**RECORD EXCERPTS:**
= = = =

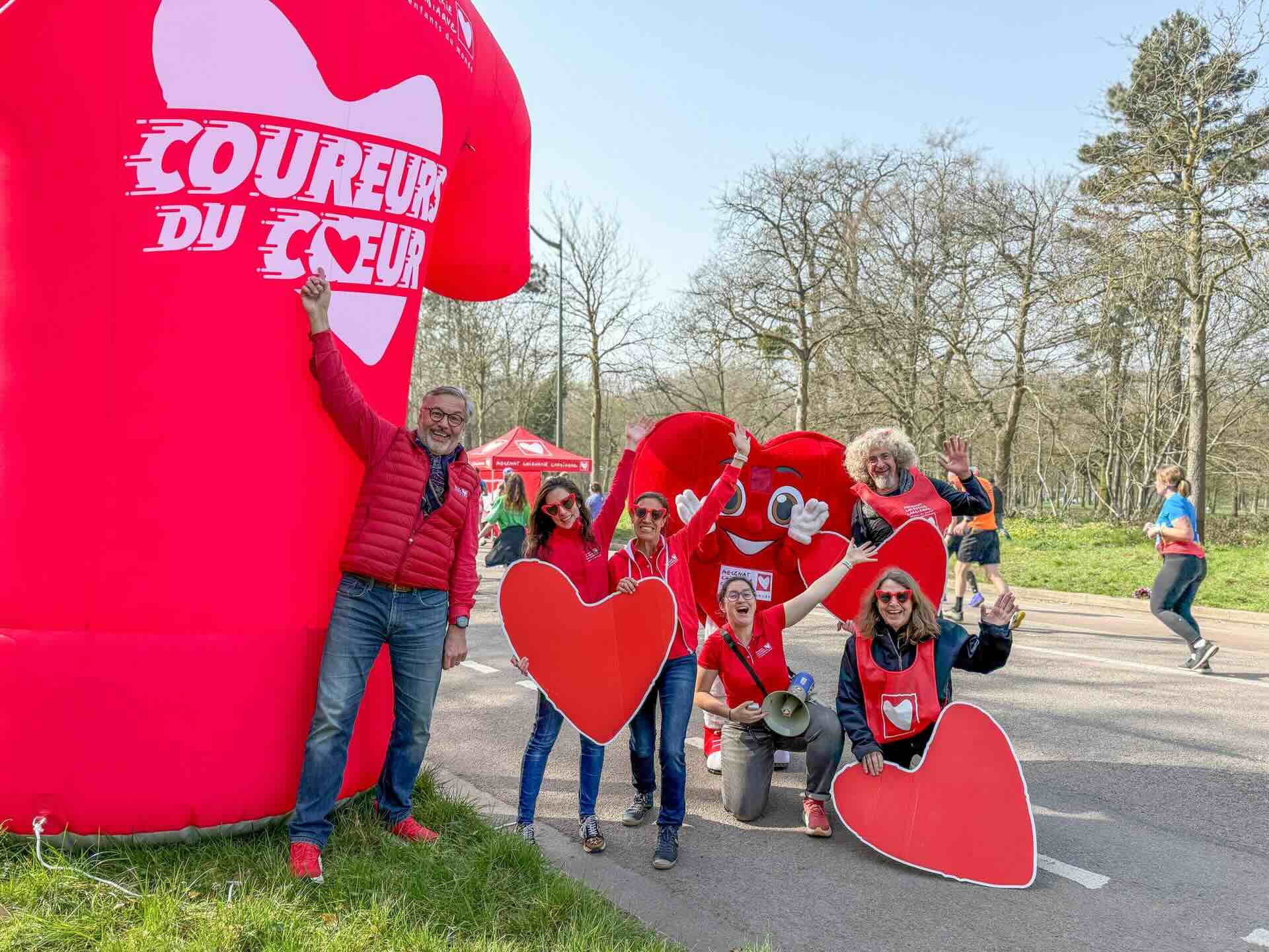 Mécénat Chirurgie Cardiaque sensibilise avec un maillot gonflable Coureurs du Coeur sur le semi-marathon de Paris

= = = =

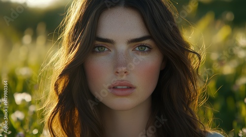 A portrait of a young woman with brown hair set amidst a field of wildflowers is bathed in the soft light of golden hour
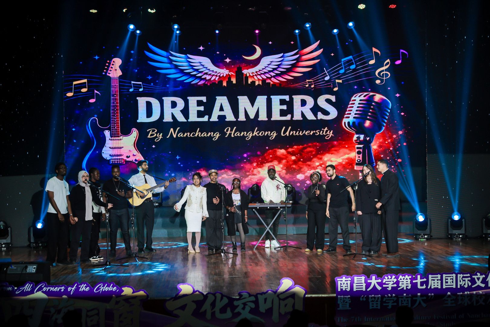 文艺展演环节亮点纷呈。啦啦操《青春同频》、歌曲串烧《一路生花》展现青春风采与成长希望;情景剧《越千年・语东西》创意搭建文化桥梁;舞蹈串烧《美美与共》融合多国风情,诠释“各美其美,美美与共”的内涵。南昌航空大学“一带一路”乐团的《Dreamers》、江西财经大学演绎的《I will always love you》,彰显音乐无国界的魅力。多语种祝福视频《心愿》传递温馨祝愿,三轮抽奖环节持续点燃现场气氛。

= = = =

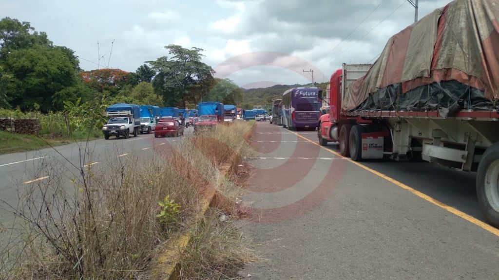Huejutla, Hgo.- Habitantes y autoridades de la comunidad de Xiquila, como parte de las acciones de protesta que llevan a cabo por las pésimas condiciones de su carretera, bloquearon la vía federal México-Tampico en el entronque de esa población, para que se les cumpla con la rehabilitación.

= = = =

**TASK DIRECTIONS:** Please output, exactly as written, the lines above from the one holding "A portrait of" through the one holding "always love you》,彰显音乐无国界的魅力。多语种祝福视频《心愿》传递温馨祝愿,三轮抽奖环节持续点燃现场气氛。", both included, with the pictures omitted.

**THE ANSWER:**
 A portrait of a young woman with brown hair set amidst a field of wildflowers is bathed in the soft light of golden hour
 文艺展演环节亮点纷呈。啦啦操《青春同频》、歌曲串烧《一路生花》展现青春风采与成长希望;情景剧《越千年・语东西》创意搭建文化桥梁;舞蹈串烧《美美与共》融合多国风情,诠释“各美其美,美美与共”的内涵。南昌航空大学“一带一路”乐团的《Dreamers》、江西财经大学演绎的《I will always love you》,彰显音乐无国界的魅力。多语种祝福视频《心愿》传递温馨祝愿,三轮抽奖环节持续点燃现场气氛。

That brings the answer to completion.